Я бесконечно благодарен судьбе за то, что она свела нас с Андреем Битовым. Недавно я осуществил в журнале «Аврора» проект: «Три кита петербургской литературы – Битов, Соснора, Горбовский». В прожитой жизни есть что вспомнить и за что ее (жизнь) поблагодарить.

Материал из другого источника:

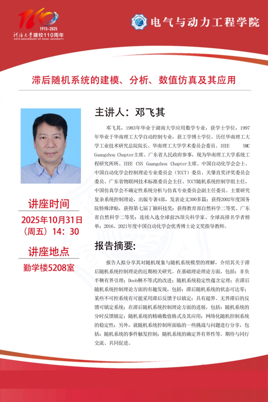 学术报告:滞后随机系统的建模、分析、数值仿真及其应用
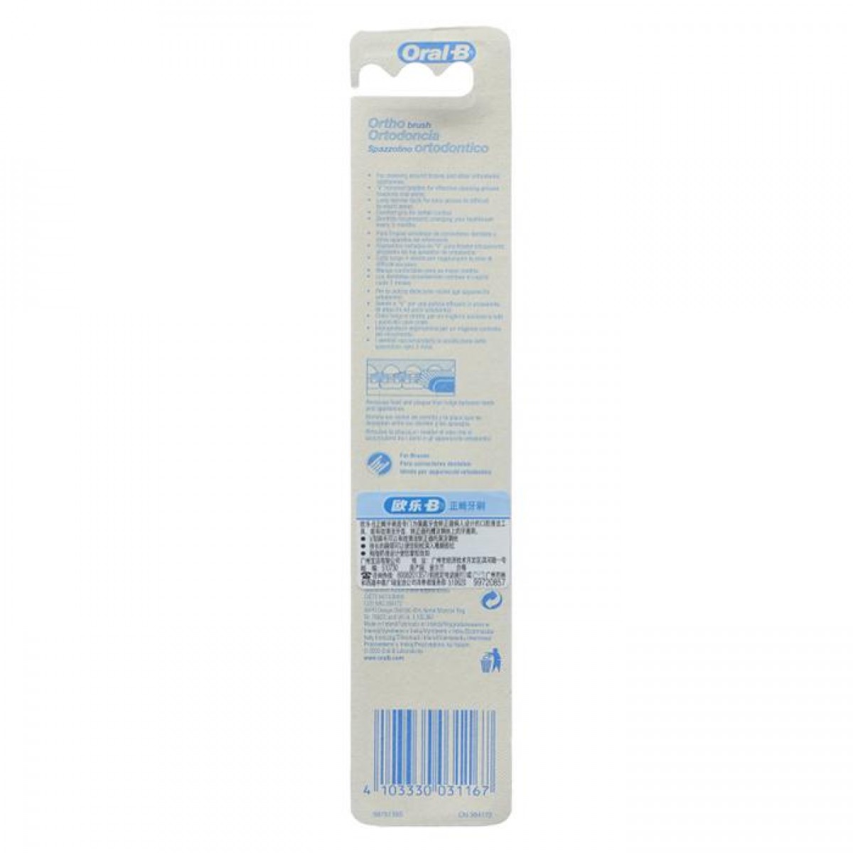 产品说明:正畸牙刷是专门为佩带牙齿矫正器病人设计地口腔清洁工具,能有效清洁牙齿、矫正器托槽及钢丝上的牙菌斑。V型刷毛可以有效清洁矫正器托架及钢丝,狭长的刷颈可以使您轻松深入难刷部位,拇指防滑条设计使您掌控自如。
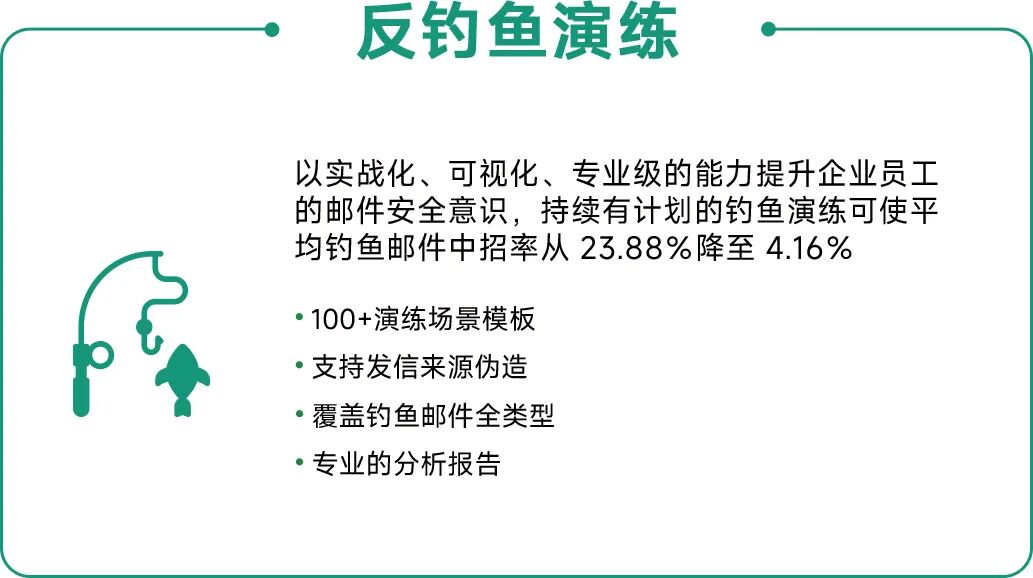 2025年钓鱼邮件借“信任链”(如仿冒同事、合作方消息)的内容激增,单纯的理论培训难应对复杂攻击,常态化实战演练是提升员工识别能力的关键。CACTER反钓鱼演练服务就提供了100+定制化真实场景,从“领导急要报表”到“合作方催签合同”,全面模拟各类高发钓鱼场景;让员工在实操中练习识别可疑链接、虚假话术的技巧,逐步提升风险敏感度。数据显示,通过持续演练可将员工中招率从23.88%降至4.16%,从源头降低误操作引发的安全事件概率。
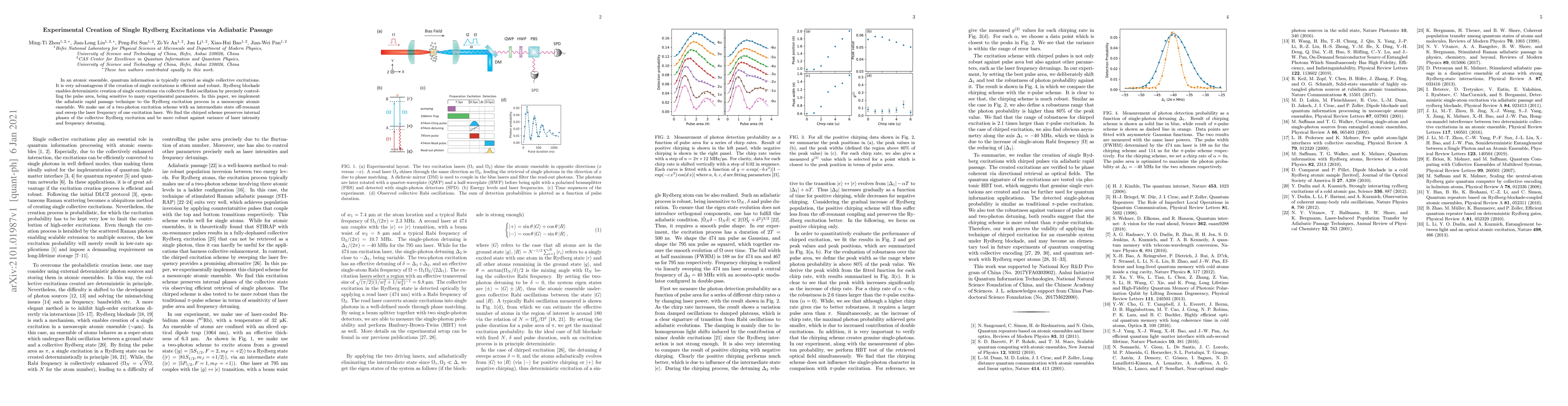 This research paper demonstrates the creation of single Rydberg excitations in an atomic ensemble using adiabatic rapid passage, achieving robustness against experimental parameter variance through a chirped two-photon excitation scheme that preserves internal phases. The technique shows enhanced efficiency and reliability in generating single excitations via Rydberg blockade.
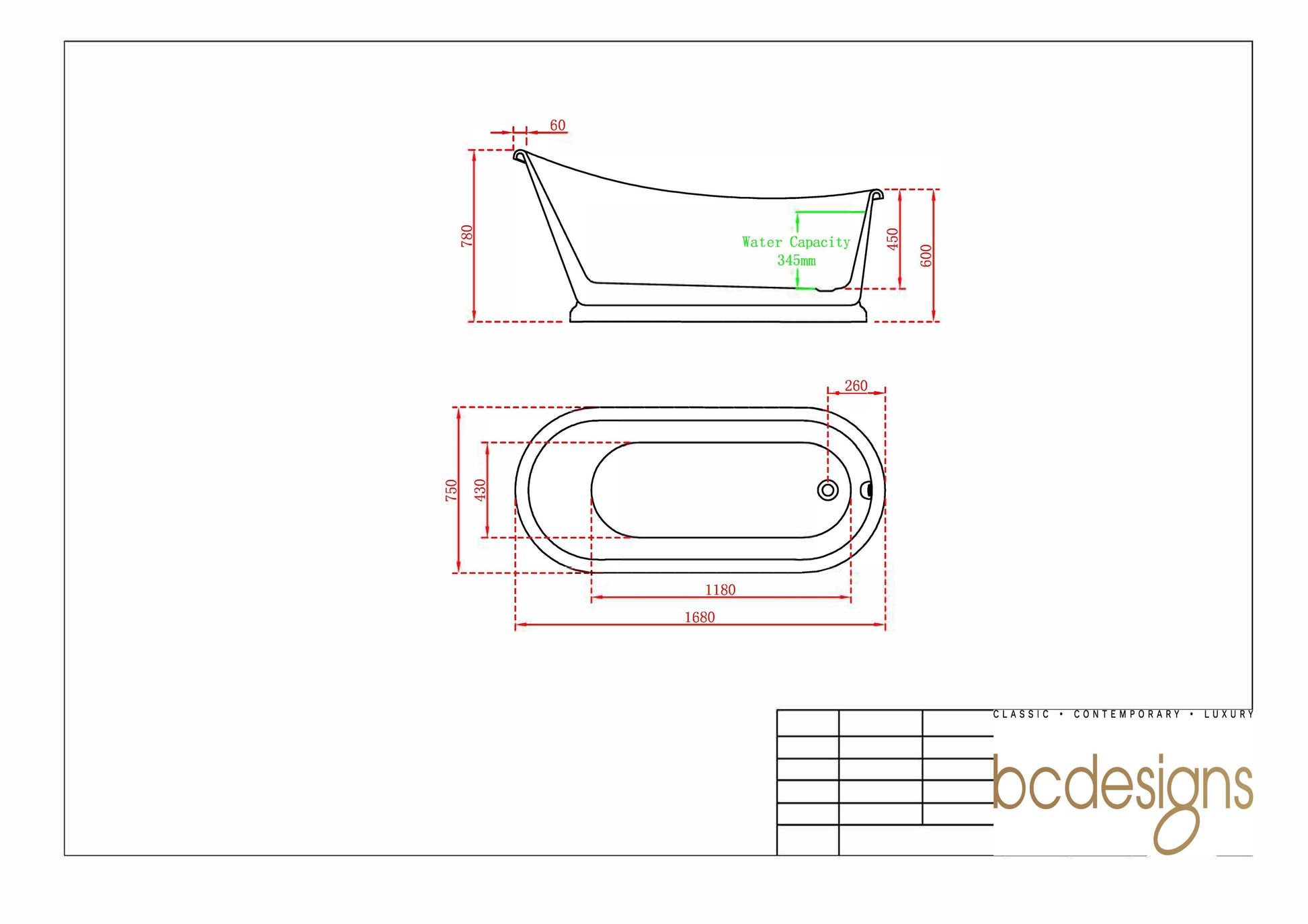 BC Designs Slipper Freestanding Slipper Bath - Sanded - 1700mm - Sanded

Громкое, раскатистое, даже слегка рычащее имя – Виктор Соснора – он имел от рождения, но всей своей жизнью доказал, что судьба не раздает необыкновенные имена кому попало. Он явился сразу, без какого-либо периода учебы, свойственного лишь робким, и сразу стал знаменит, и таким остался. Помню, как еще в конце пятидесятых он шел по Невскому, и все шарахались, поскольку траектория его была непредсказуема, но шептали восхищенно: «Соснора, Соснора!» Буйные кудри, разбойничий взгляд. Жизнь замешала его круто: сразу четыре крови, и все горячие, и он сразу сказал о себе так, что врезалось в сознание: «Четвертованный! Или – учетверенный?» Он всегда был против всех – независим не только от власти, но и от всех литературных школ той поры. Соснора – один! И поэтому его сразу заметили. В начале он, отрицая общепринятые словеса, еще пользовался таинственным древнерусским слогом, темами «Слова о полку» – и его сразу заметил и возвысил Дмитрий Лихачев, главный авторитет русской культуры. «Рабочий – а пишет формалистические стихи!» – это сразу пробило всех эстетов, наших и иностранных, и к нему всегда стояла очередь желающих «сняться на его фоне». Хотя и понятие «формализм» он презирал как очередной штамп. Его взяла за руку и ввела в европейское литературное сообщество сама Лиля Брик! Колоритным своим поведением он поражал сразу – а стихи его, что удивительно, действовали и без перевода. И в этом его неповторимость – он работал не со словами, а со звуками и, необыкновенным образом соединяя их, приводил нас к потрясению.